Stay strong my lady.


----------



## carmen ohio (Sep 24, 2012)

suem said:


> I need some guidance last week was to be our 20 year anniversary and we had planned to go away for the weekend but all of a sudden my husband text me and told me he was going to a bbq and colleage football game with a vendor from work this was totally out of character for him so I ask if I am invited then he said the guy had only 1 ticket then later he text again saying he tried again and no more tickets. I started to look into his email and text and found they had been texting and setting up this lie for weeks. I am devastated he was my sole mate I thought I trusted him with my life I am now 65 years old he is 6 years younger then I am .
> he first told me it was only a few weeks and they had not seen each other I found out its been months and months and then he said they have seen each other 2 time the firt time for coffee and HUGS then coffee and making out in the car but he still claims no sex I don't believe that at all . he said he loved her according to her and wants to be with her . we have not had the chance to talk yet as he is coming here today . the day I found out he was deployed to the valley fire and has been gone for 10 days.
> I don't even know at this point how to act in front of him all I do is cry and he just keeps on lying . he sent me a very strange text that said thank you for letting me know she like to just mess with peoples lives !!! who says that to his wife?


Dear suem,

I am so sorry that this has happened to you.

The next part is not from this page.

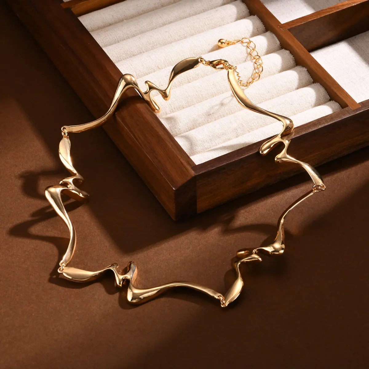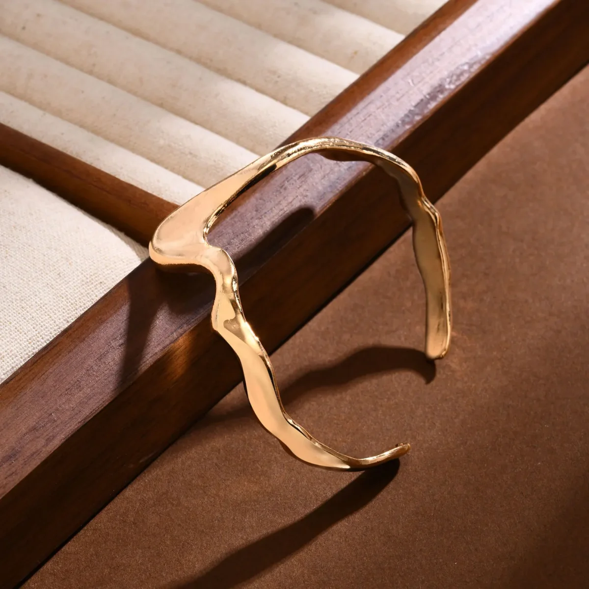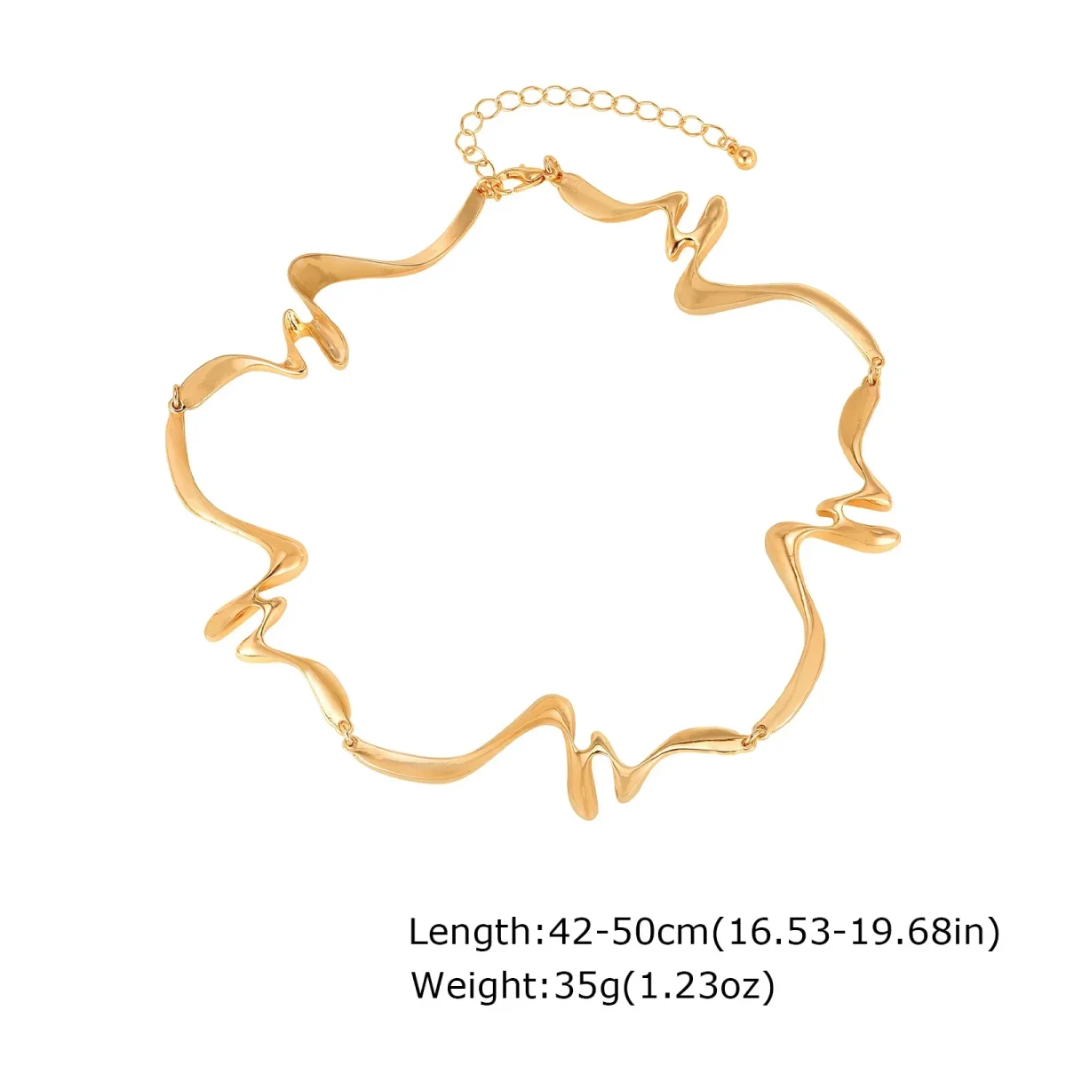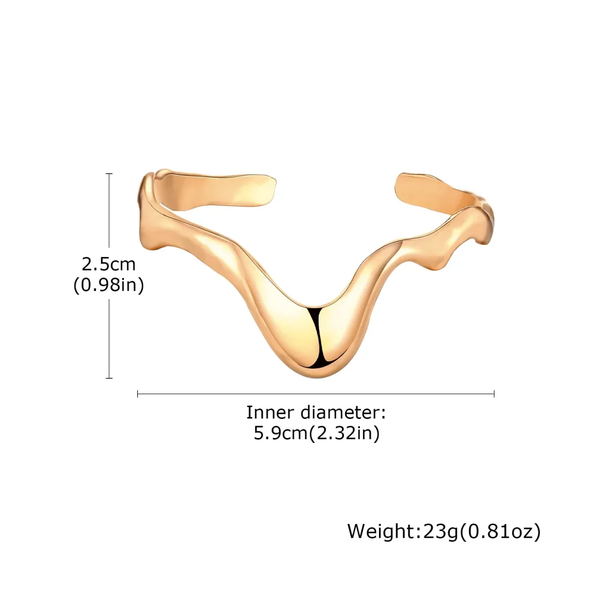 Design sculptural : Lignes fluides et asymétriques rappelant un mouvement naturel. Finition dorée lumineuse : Métal poli offrant un éclat sophistiqué et moderne. Style avant-gardiste : Accessoire unique idéal pour un look chic et original.
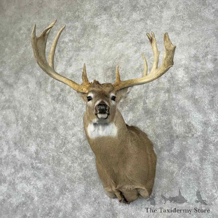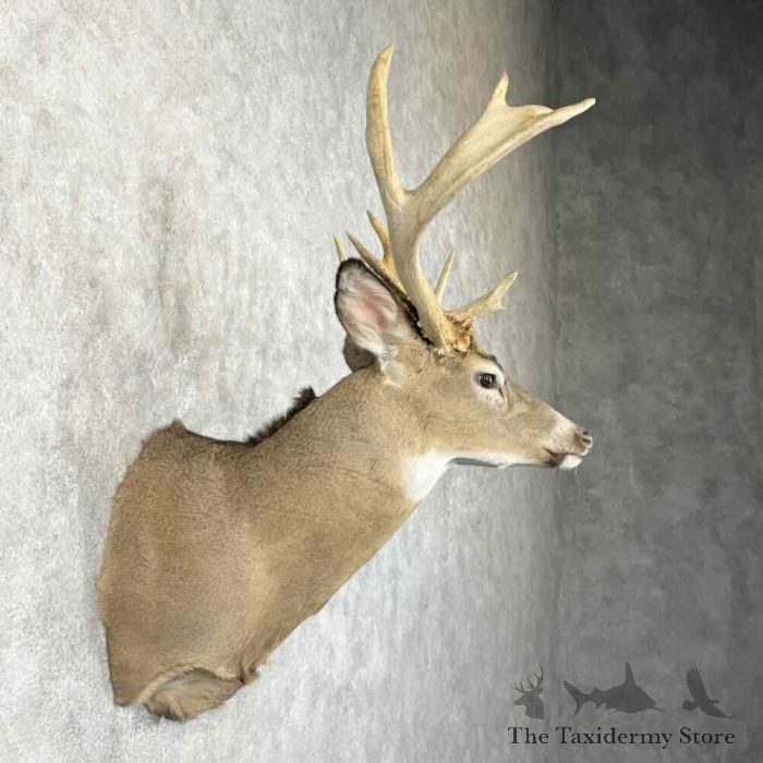 For sale, we have a phenomenal Whitetail Deer taxidermy shoulder mount, posed in a semi-upright position looking toward the viewer’s right side. This buck features gorgeous hair, a wonderful hide, and a large set of non-typical palmated antlers that earn an SCI Bronze Medal with a score of 177 1/8″. Combined with masterful taxidermy craftsmanship, this is the perfect mount for a cabin or office! All applicable measurements and dimensions are provided in the specifications section to help ensure this item will fit within your intended space, as well as meet expectations regarding the item’s featured attribute sizes, scores, etc.

There is no easy way out of the situation you find yourself in but there are some things that you can do to help yourself:


1. Don't make any major decisions until you have got your emotions under control and are thinking more or less normally again.

2. Take care of your health. Get enough rest (you may need your doctor to prescribe a mild sleeping aid), eat normal meals and exercise. Actually, exercise is probably the most important thing, as it will not only help make you physically stronger, it will actually reduce your emotional distress.

3. Confide in family, close friends and clergy. Do not try to deal with this on your own, you need a support system.

4. Minimize contact with you wayward husband until you are strong enough to deal with what he has done. Ask him to find a new place to live, at least temporarily and, if he refuses, consider where you might stay for a while. Avoid talking to him except about what is absolutely necessary, like matters relating to children or finances. As best you can, control your emotions when around him. Avoid becoming angry and overwrought in his presence as this will only encourage him in thinking that his infidelity is somehow justified.

5. Speak to a qualified lawyer about the divorce laws where you live and how to protect your financial future. You don't need to file for divorce right away and, in fact, probably shouldn't, but you need to be prepared to and, in the meantime, you need to take precautions to protect your interest in commonly owned property, savings, pensions, etc.

The best things you can do right now are to protect your physical, emotional and financial well-being and to show your wayward husband that you don't need him.

Again, I'm sorry that this has happened to you and I wish for you the strength and wisdom to overcome the challenges that lie ahead.

Finally, remember that others have faced the same challenge and come through it OK. You can, too.


----------



## aine (Feb 15, 2014)

To add to Carmen's post above, expose your WH to your family, friends, adult children (if any), he is in a fog now and needs to face the reality of what he is doing. Do not hide this from your network. It may seem counter intuitive but by doing the 180 on him, and being prepared to lose him and the marriage , he may wake up to the damage he is causing.


----------



## CLIFFW (Jul 25, 2012)

Exposing him to everyone including his family will not jolt him. It will tell him that he's right in leaving you. Enraged, he will almost certainly leave you.

Do you wish him to leave?

Exposure should not be used to inflict damage - it should be used to end an affair (eg, expose the affair to your cheating spouse's Affair Partner's spouse).

I think you need to get to why he's having this affair after so long. What is missing in your relationship and/or himself that he is compensating for with this relationship.

I think it's ok to give a bit of carrot and stick. Show him what life without you and your attention is like, but also entice him back so you have a fighting chance to work it out.

If you do mean things to him back, it will reenforce in his mind that he's doing the right thing -- going from an uncaring, vindictive wife to his loving, accepting Other Woman. Is that what you want?


----------